Afrika wird für Indien immer wichtiger. Warum – und wie macht sich das bemerkbar?
Ruchita Beri: Afrika ist keineswegs plötzlich wichtig für Indien geworden. Indien hat vielmehr seit Jahrhunderten enge Beziehungen zu Afrika. Bereits zu Zeiten der Induskultur 2.000 Jahre vor Christus waren indische Händler in Ostafrika aktiv. Dennoch lässt sich sagen, dass die Beziehungen zwischen Indien und Afrika in den vergangenen Jahren intensiviert wurden. Premierminister Modi räumt nach eigener Aussage Afrika in seiner Außenpolitik höchste Priorität ein.
Ist dieses Interesse vor allem wirtschaftlich oder eher geopolitisch motiviert?
Beri: Beides zugleich. Indien versucht seinen Einfluss im Indopazifik auszubauen – und Ostafrika ist ein integraler Teil dieser sicherheitspolitisch bedeutsamen Region. Die meisten dieser Länder sind quasi Indiens maritime Nachbarn. Seit den 1990er Jahren hat aber auch der Handel zwischen Indien und Afrika enorm zugenommen. Dass einige der am schnellsten wachsenden Volkswirtschaften der Welt in Afrika liegen, ist uns auch in Indien bewusst.
Welche Rolle spielt die gemeinsame koloniale Erfahrung in den Beziehungen?
Beri: Das ist eine der wichtigsten und tiefgehendsten Verbindungen zwischen Indien und den afrikanischen Ländern. Ich würde sogar so weit gehen, zu sagen, dass sich daraus eine Art von Brüderlichkeit zwischen Afrika und Indien ergibt, die einzigartig ist. Darauf bauen beide Seiten politisch und wirtschaftlich auch auf.

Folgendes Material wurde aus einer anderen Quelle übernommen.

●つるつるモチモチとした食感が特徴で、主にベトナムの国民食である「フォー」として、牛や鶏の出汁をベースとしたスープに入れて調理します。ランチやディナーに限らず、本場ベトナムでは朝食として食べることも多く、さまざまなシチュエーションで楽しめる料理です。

China hat seinen Einfluss in Afrika in den vergangenen Jahrzehnten dramatisch ausgeweitet. Was kann Indien dem entgegensetzen – Soft Power statt Infrastruktur?

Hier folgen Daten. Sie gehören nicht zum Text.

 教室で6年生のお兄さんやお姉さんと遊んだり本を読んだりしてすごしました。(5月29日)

Beri: Es gibt keinen offenen Konflikt zwischen Indien und China in Afrika. Es ist aber richtig, dass die wichtigste Säule der indischen Afrikastrategie auf der Entwicklung von Humanressourcen liegt. Schon seit der Unabhängigkeit der afrikanischen Staaten in den 1960er Jahren, die von Indien aktiv unterstützt wurde, fördert Indien die afrikanische Jugend, vor allem auch durch Ausbildungen an indischen Universitäten.